Оккультные силы СССР - Колпакиди Александр Иванович - Страница 34
- Предыдущая
- 34/165
- Следующая
Трилиссер попросил Чичерина отозвать свое заключение. И сразу же после телефонного звонка посетил Ягоду и рассказал о случившемся. Глава контрразведки разъярен был больше тем фактом, что Бокий действовал напрямую, через визовый отдел Афганистана и втихаря от Генриха Генриховича. И хотя Глеб пользовался поддержкой Дзержинского и некоторых членов ЦК, Трилиссер и Ягода договорились о совместных действиях по блокаде экспедиции. Тогда же они навестили Чичерина — благо здания Наркомата и ОГПУ находились в двух шагах и не требовалось гонять автомобиль.
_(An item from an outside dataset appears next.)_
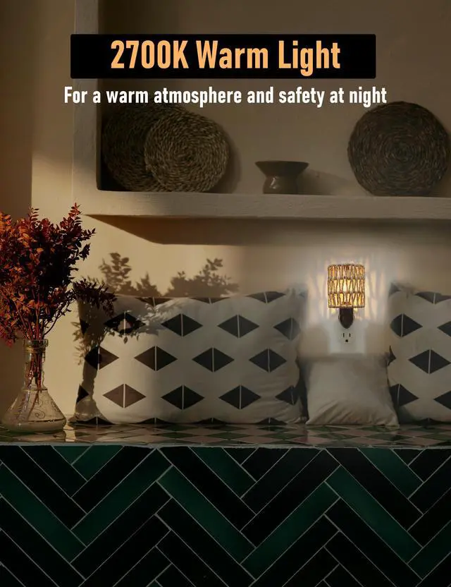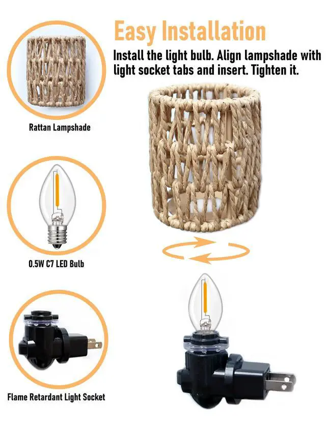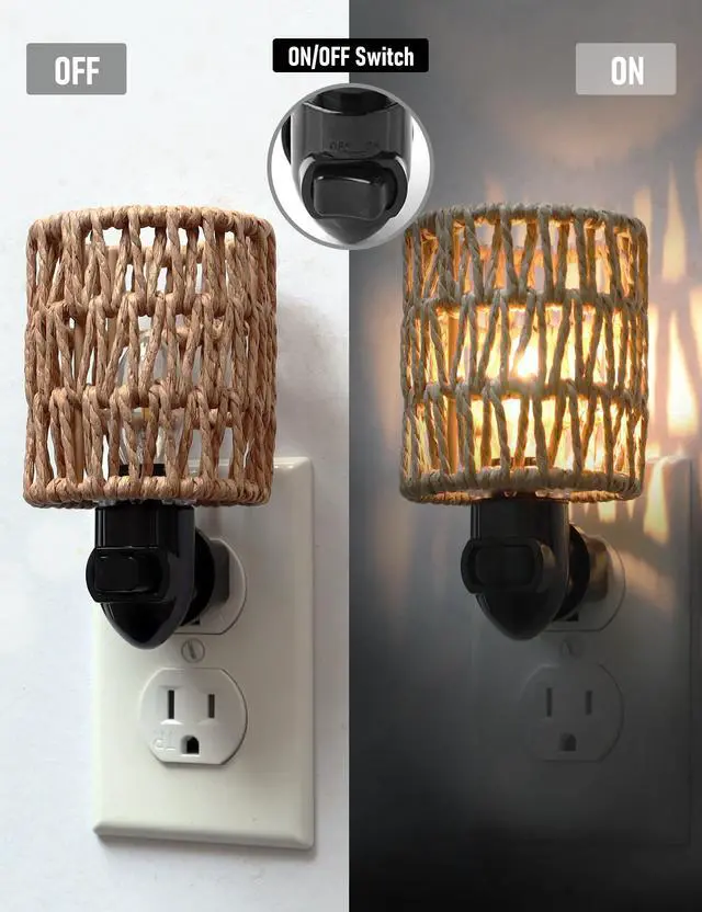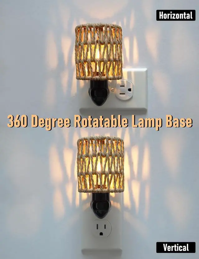 Featuring a bohemian design with a rattan shade and a 0.5W 2700K E12 LED energy saving bulb, this boho plug-in night light provides soft, non-glaring nighttime illumination. It is especially suitable for baby nursery, but also for bedroom, hallway, kids' room, kitchen, bathroom and living room. It has a replaceable lampshade and bulb, making it easy to replace the bulb when it breaks and the lampshade when you want to change the style. The base of the lamp is made of flame retardant plastic, safe and reliable. The clever design keeps the night light from blocking other jacks in the socket. The lamp base can be rotated 360 degrees, you can adjust the angle of the night light according to your needs, either horizontally or vertically in the socket. Manual on off switch, light up only when you need it. Energy-saving and environmentally friendly, ultra-low energy consumption, only 14.6 kWh a year (based on 8 hours of work per day)

Ягода и Трилиссер заставили Чичерина полностью пересмотреть свои взгляды на операцию Спецотдела.
Экспедиция была отменена в самый последний момент в результате протеста главы НКИД. 1 августа Чичерин дал о ней отрицательный отзыв. Но Бокий и Барченко не отказались от идеи посетить загадочную Шамбалу, и начальник Спецотдела решил дождаться удобного момента, когда можно будет осуществить задуманное и утереть нос Трилиссеру и Ягоде.
Однако, несмотря на все козни, один из членов экспедиции все же отправился в район Шамбалы. Перед операцией Бокий проинструктировал его и сообщил, что задание исключительно ответственное и что ни один человек, какое бы место в советской иерархии он ни занимал, не должен знать о «путешествии». Уходившему в Шамбалу предстоял трудный путь. Но этот агент не нуждался ни в визах, ни в документах, ни в бюрократических формальностях. Чтобы пройти сквозь советские и вражеские кордоны, ему достаточно было приказа. Это был Блюмкин.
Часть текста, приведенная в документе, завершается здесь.